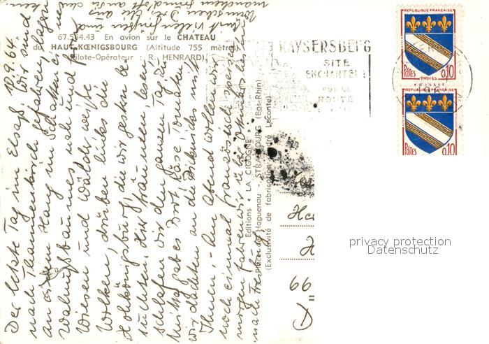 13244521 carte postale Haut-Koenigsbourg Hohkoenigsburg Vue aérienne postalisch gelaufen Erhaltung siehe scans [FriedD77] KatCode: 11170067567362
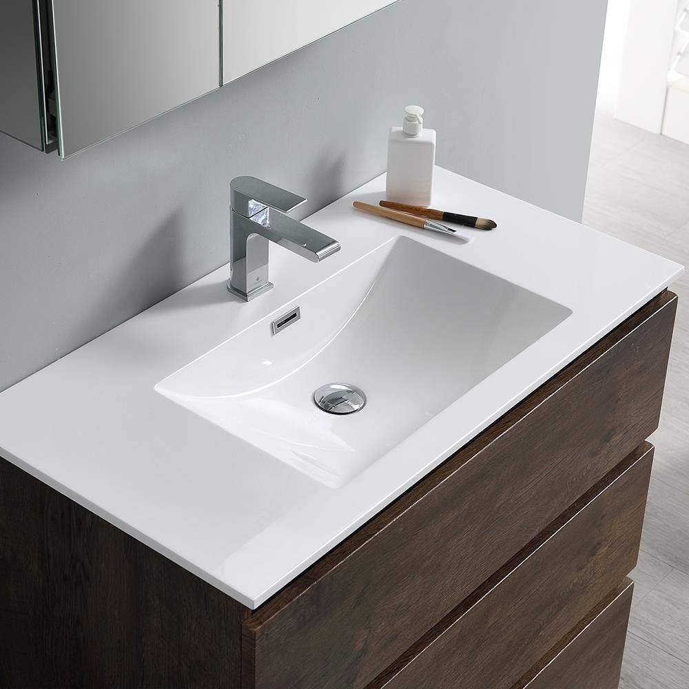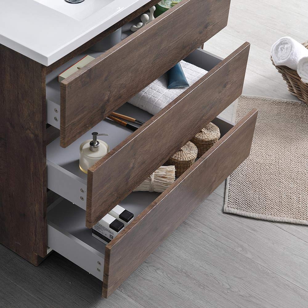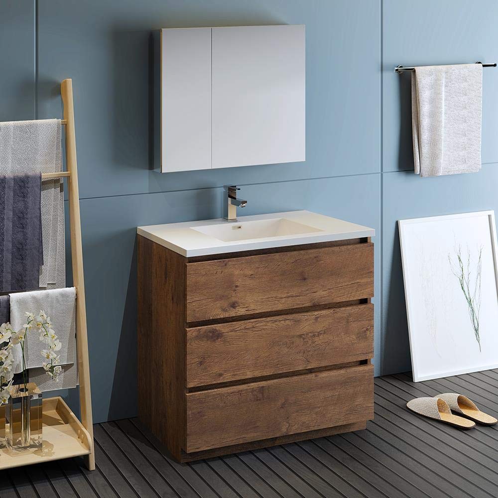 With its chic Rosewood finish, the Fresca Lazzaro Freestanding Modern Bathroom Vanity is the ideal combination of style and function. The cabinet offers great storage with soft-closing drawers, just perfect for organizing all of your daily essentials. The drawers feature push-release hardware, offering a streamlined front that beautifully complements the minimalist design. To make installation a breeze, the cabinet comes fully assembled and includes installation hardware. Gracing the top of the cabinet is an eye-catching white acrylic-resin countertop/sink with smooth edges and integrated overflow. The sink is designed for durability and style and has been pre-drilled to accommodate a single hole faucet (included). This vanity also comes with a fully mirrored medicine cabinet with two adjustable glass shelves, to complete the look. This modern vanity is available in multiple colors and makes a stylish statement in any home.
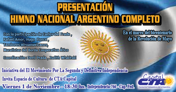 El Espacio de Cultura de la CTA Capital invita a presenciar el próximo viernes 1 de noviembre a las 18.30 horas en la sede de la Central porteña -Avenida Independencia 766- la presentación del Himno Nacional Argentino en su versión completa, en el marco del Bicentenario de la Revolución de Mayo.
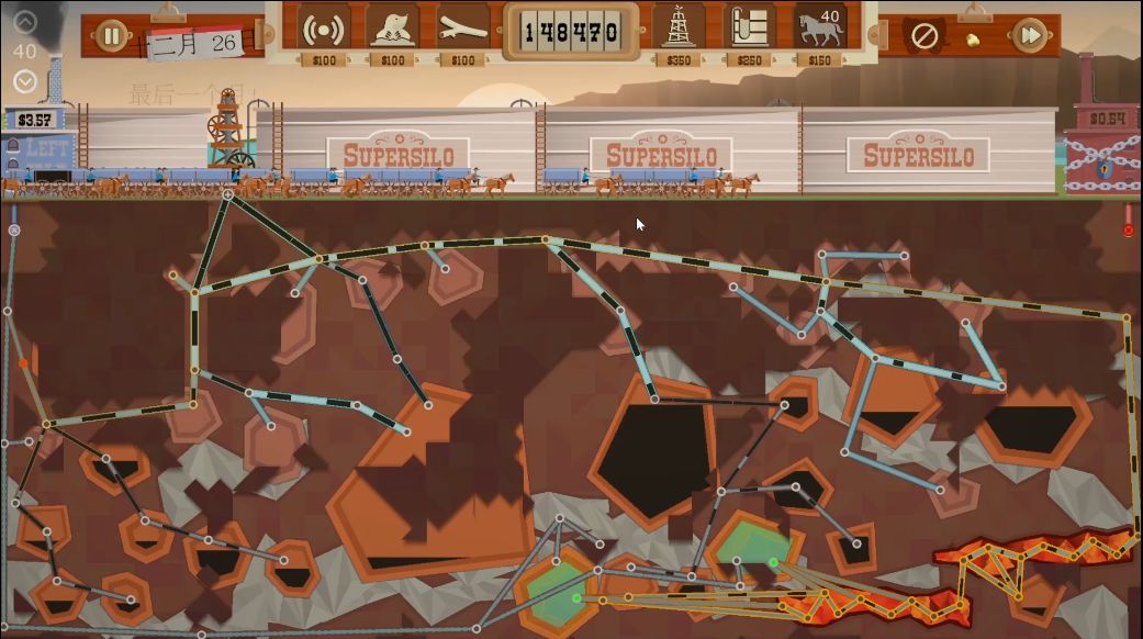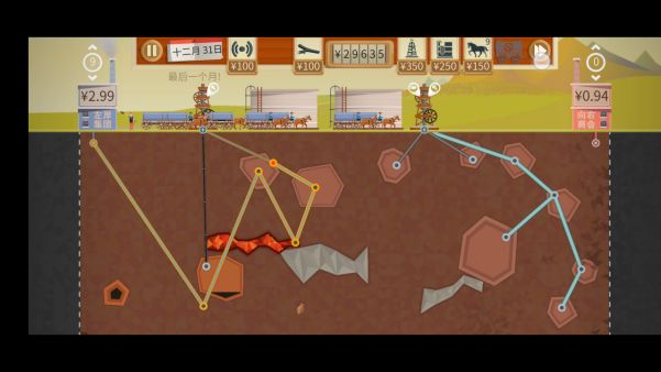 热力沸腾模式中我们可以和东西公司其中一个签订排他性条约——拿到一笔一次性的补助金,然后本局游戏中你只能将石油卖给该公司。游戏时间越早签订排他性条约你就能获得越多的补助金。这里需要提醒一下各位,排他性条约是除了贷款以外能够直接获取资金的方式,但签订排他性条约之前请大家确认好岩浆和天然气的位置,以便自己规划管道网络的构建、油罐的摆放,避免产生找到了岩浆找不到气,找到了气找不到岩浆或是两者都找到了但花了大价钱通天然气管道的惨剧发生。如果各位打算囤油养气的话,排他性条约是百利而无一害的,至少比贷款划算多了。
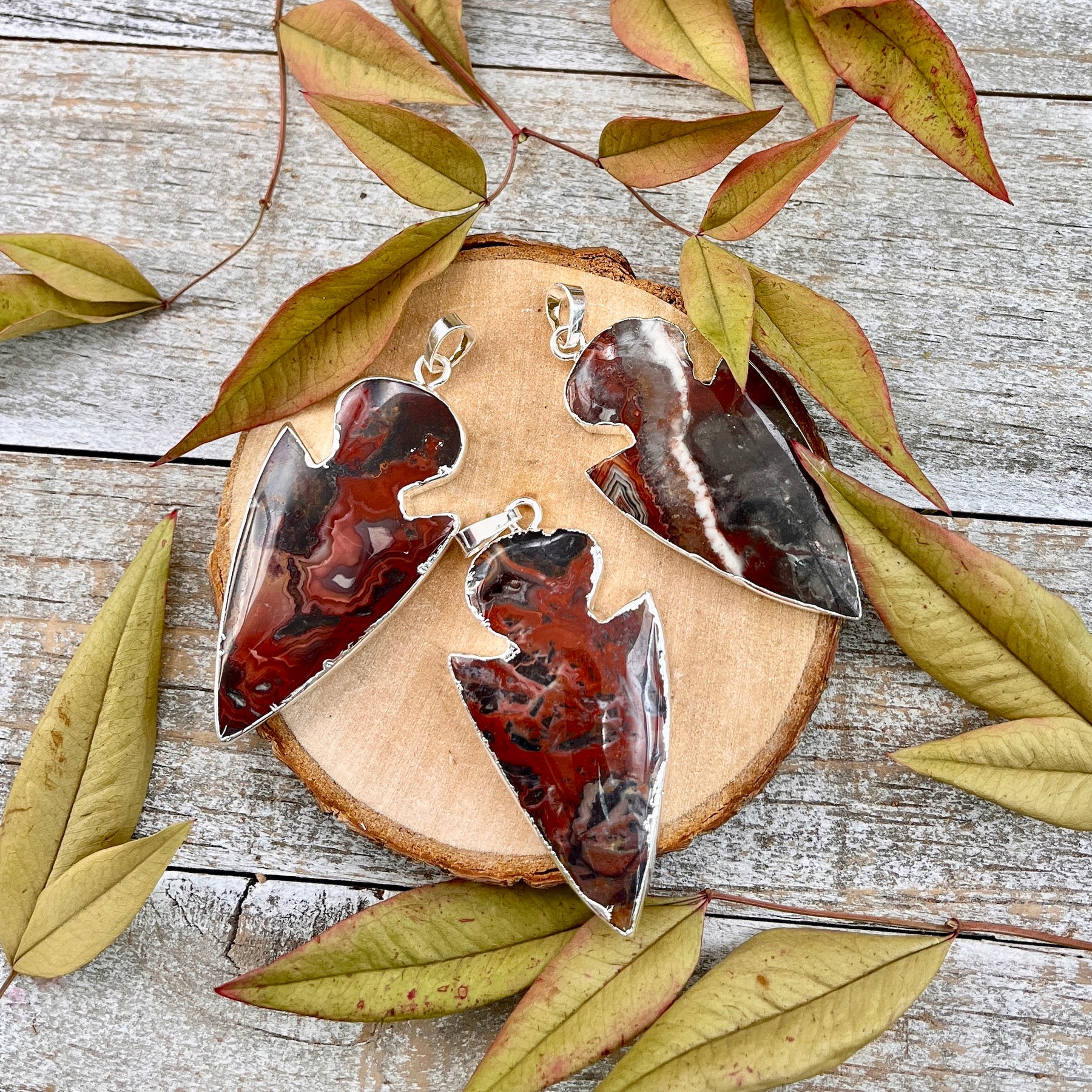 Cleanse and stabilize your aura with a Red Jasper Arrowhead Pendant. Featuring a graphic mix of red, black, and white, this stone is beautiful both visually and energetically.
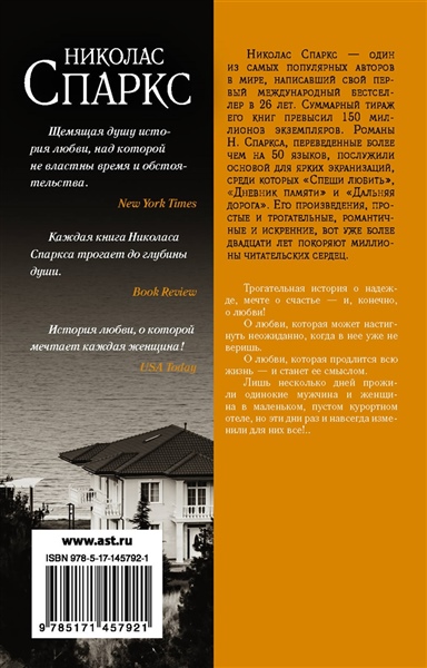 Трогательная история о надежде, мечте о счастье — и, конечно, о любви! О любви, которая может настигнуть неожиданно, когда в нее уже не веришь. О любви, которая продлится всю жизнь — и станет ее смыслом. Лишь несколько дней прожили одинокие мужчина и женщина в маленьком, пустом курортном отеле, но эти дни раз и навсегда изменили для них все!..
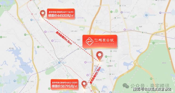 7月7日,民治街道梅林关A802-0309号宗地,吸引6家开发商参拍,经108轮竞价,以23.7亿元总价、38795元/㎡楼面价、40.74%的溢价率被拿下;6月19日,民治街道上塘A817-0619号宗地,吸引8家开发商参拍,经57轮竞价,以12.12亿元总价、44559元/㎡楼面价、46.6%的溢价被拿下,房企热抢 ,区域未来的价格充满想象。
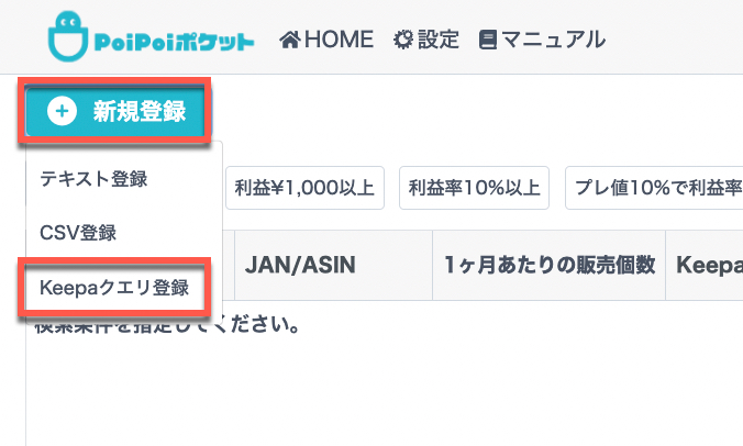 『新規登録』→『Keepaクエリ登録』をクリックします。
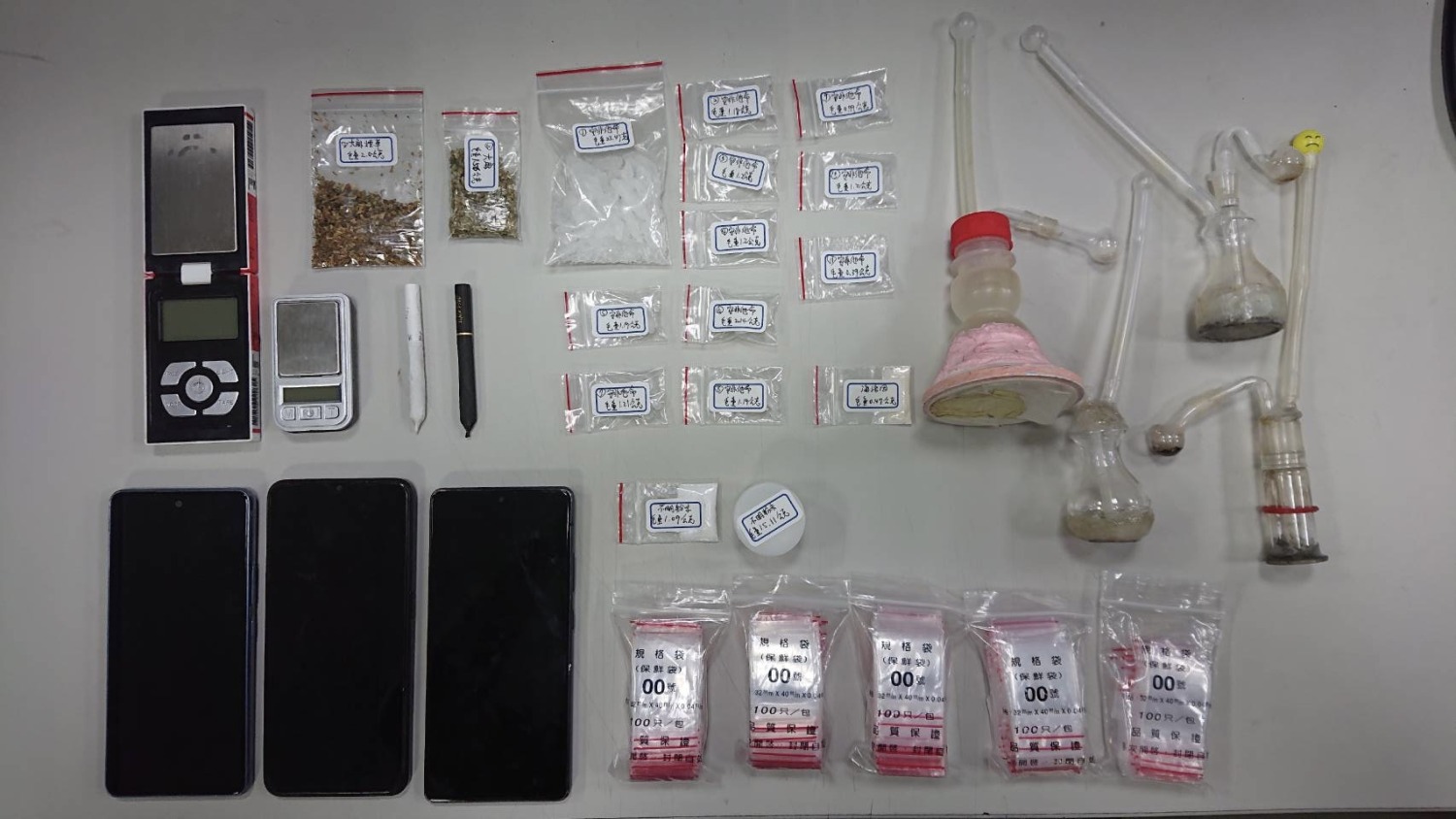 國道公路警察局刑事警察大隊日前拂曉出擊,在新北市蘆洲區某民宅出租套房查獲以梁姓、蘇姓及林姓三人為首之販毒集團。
::::::::
▶ [Directions] Return all of the data exactly as written, and drop the pictures.

▶ [Written answer]
 13244521 carte postale Haut-Koenigsbourg Hohkoenigsburg Vue aérienne postalisch gelaufen Erhaltung siehe scans [FriedD77] KatCode: 11170067567362
 With its chic Rosewood finish, the Fresca Lazzaro Freestanding Modern Bathroom Vanity is the ideal combination of style and function. The cabinet offers great storage with soft-closing drawers, just perfect for organizing all of your daily essentials. The drawers feature push-release hardware, offering a streamlined front that beautifully complements the minimalist design. To make installation a breeze, the cabinet comes fully assembled and includes installation hardware. Gracing the top of the cabinet is an eye-catching white acrylic-resin countertop/sink with smooth edges and integrated overflow. The sink is designed for durability and style and has been pre-drilled to accommodate a single hole faucet (included). This vanity also comes with a fully mirrored medicine cabinet with two adjustable glass shelves, to complete the look. This modern vanity is available in multiple colors and makes a stylish statement in any home.
 El Espacio de Cultura de la CTA Capital invita a presenciar el próximo viernes 1 de noviembre a las 18.30 horas en la sede de la Central porteña -Avenida Independencia 766- la presentación del Himno Nacional Argentino en su versión completa, en el marco del Bicentenario de la Revolución de Mayo.
 热力沸腾模式中我们可以和东西公司其中一个签订排他性条约——拿到一笔一次性的补助金,然后本局游戏中你只能将石油卖给该公司。游戏时间越早签订排他性条约你就能获得越多的补助金。这里需要提醒一下各位,排他性条约是除了贷款以外能够直接获取资金的方式,但签订排他性条约之前请大家确认好岩浆和天然气的位置,以便自己规划管道网络的构建、油罐的摆放,避免产生找到了岩浆找不到气,找到了气找不到岩浆或是两者都找到了但花了大价钱通天然气管道的惨剧发生。如果各位打算囤油养气的话,排他性条约是百利而无一害的,至少比贷款划算多了。
 Cleanse and stabilize your aura with a Red Jasper Arrowhead Pendant. Featuring a graphic mix of red, black, and white, this stone is beautiful both visually and energetically.
 Трогательная история о надежде, мечте о счастье — и, конечно, о любви! О любви, которая может настигнуть неожиданно, когда в нее уже не веришь. О любви, которая продлится всю жизнь — и станет ее смыслом. Лишь несколько дней прожили одинокие мужчина и женщина в маленьком, пустом курортном отеле, но эти дни раз и навсегда изменили для них все!..
 7月7日,民治街道梅林关A802-0309号宗地,吸引6家开发商参拍,经108轮竞价,以23.7亿元总价、38795元/㎡楼面价、40.74%的溢价率被拿下;6月19日,民治街道上塘A817-0619号宗地,吸引8家开发商参拍,经57轮竞价,以12.12亿元总价、44559元/㎡楼面价、46.6%的溢价被拿下,房企热抢 ,区域未来的价格充满想象。
 『新規登録』→『Keepaクエリ登録』をクリックします。
 國道公路警察局刑事警察大隊日前拂曉出擊,在新北市蘆洲區某民宅出租套房查獲以梁姓、蘇姓及林姓三人為首之販毒集團。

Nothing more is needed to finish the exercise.